1         No_HD      No_Coffee        1823.816 44361.625        0.001086288
3         No_HD      No_Coffee        2683.873 31767.139        0.008566989
6         No_HD     Yes_Coffee        2298.971  7491.559        0.001762176

Converting predictions into classifications

For simplicity, we will establish a threshold of \(0.5\) to classify the predictions as either Yes_HD (if \(pred>0.5\)) or No_HD.

  • using the R base function ifelse(test, yes, no)
# Convert predictions to classifications
heart_train <- heart_train %>%
  dplyr::mutate(heart_disease_pred_class = ifelse(heart_disease_pred > 0.5, 
                                           "pred_YES", "pred_NO"))
# (... same BASE WAY)
# heart_train$heart_disease_pred_class <- ifelse(heart_train$heart_disease_pred > 0.5, 1, 0)

Evaluating performance with the confusion matrix

Recall how the confusion matrix helps evaluating a model’s performance.

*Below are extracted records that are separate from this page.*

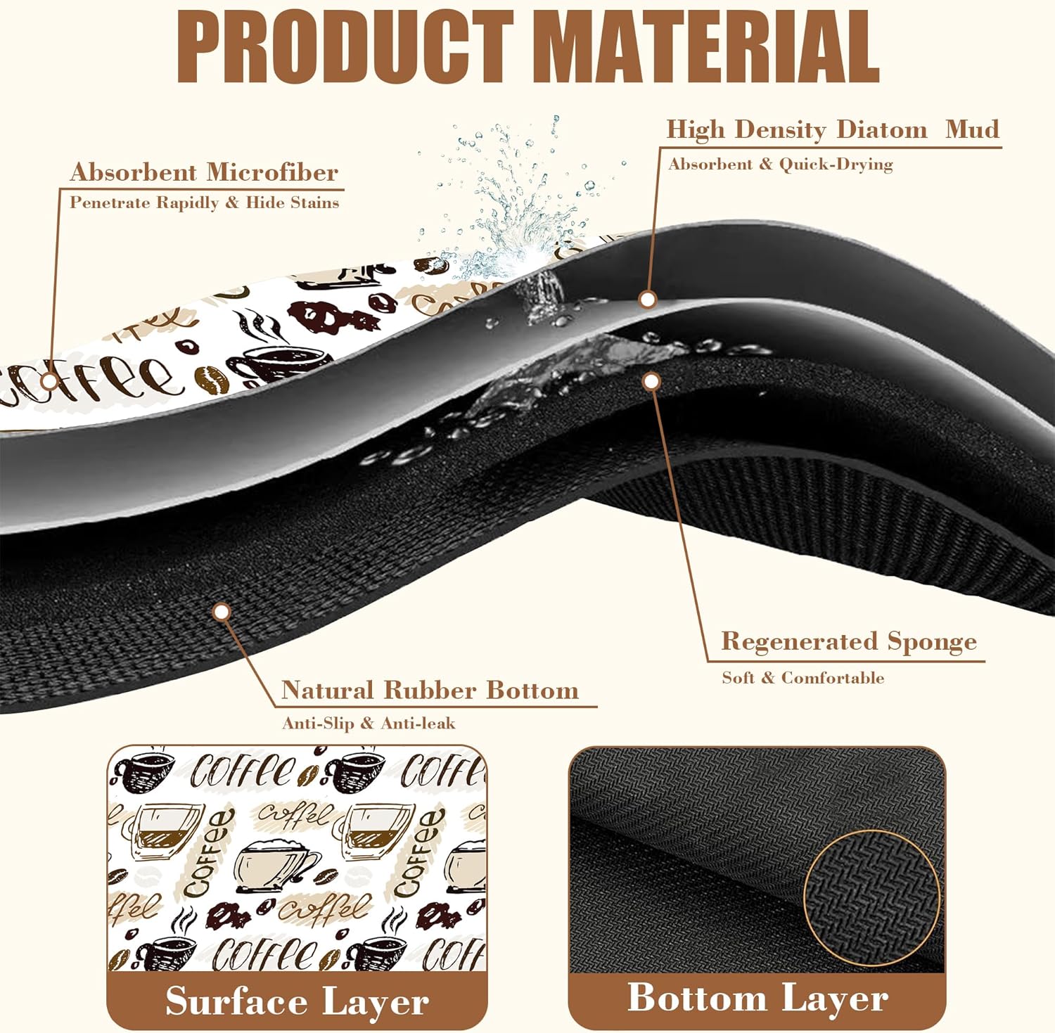- 【Absorbent & Quick-Drying】The surface of this coffee mat is made of absorbent microfiber and the middle is made of composite sponge, which can absorb up to 4 times its weight in water and has a strong water absorption capacity. The high-density design makes it fast drying and can quickly absorb spilled liquids to keep your counter or desktop dry
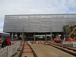 Vom 25. bis zum 31. Oktober 2011 wurde der Chemnitzer Hauptbahnhof teil- bzw. total gesperrt. In dieser Zeit wurden die zuvor neu errichteten Signalanlagen an das elektronische Stellwerk angeschlossen. Seitdem werden die Weichen und Signale der Strecke Dresden–Werdau von der Betriebszentrale Leipzig gesteuert. 12 km neue Gleise, 28 Weichen, 91 Signale und die dazugehörende Fahrleitungsanlage gingen in Betrieb.[40] Das Gleis 28 am Bahnsteig 5 erhielt in diesem Zusammenhang keine Fahrleitung mehr.
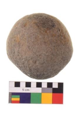 | Description / विवरण | Specimen of a roughly round shaped sling ball with rough surface. It is brownish in colour. |
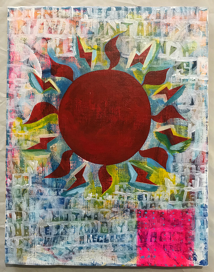 ○タイトル : 感じよう○製作年 : 2014○サイズ : 45.5cm×38.8cm キャンバス○画材 : アクリル絵の具○エピソード : 感じよう

Confusion matrix with threshold of 0.5

Then we compare the predicted classification to the actual training data.

# Confusion matrix at 0.5
confusion_matrix <- table(heart_train$heart_disease, heart_train$heart_disease_pred_class)

confusion_matrix %>% 
  knitr::kable()
pred_NO pred_YES
No_HD 6790 30
Yes_HD 148 80

Sensitivity, Specificity, Accuracy

  • Sensitivity (True Positive Rate): the proportion of actual positives that are correctly identified.
  • Specificity (True Negative Rate): the proportion of actual negatives that are correctly identified.
  • Accuracy: the proportion of true results (both true positives and true negatives) in the population.
sensitivity <- confusion_matrix[2, 2] / sum(confusion_matrix[2, ]) # 80/228
specificity <- confusion_matrix[1, 1] / sum(confusion_matrix[1, ]) # 6790/6820
accuracy <- sum(diag(confusion_matrix)) / sum(confusion_matrix) # 6870/7048

# Print the results
sensitivity # 0.3508772
[1] 0.3508772
specificity # 0.9956012
[1] 0.9956012
accuracy # 0.9751131
[1] 0.9747446

Making predictions on test data

An even more meaningful step is to evaluate the model on the test data (heart_test), which (in principle) the model has not seen before.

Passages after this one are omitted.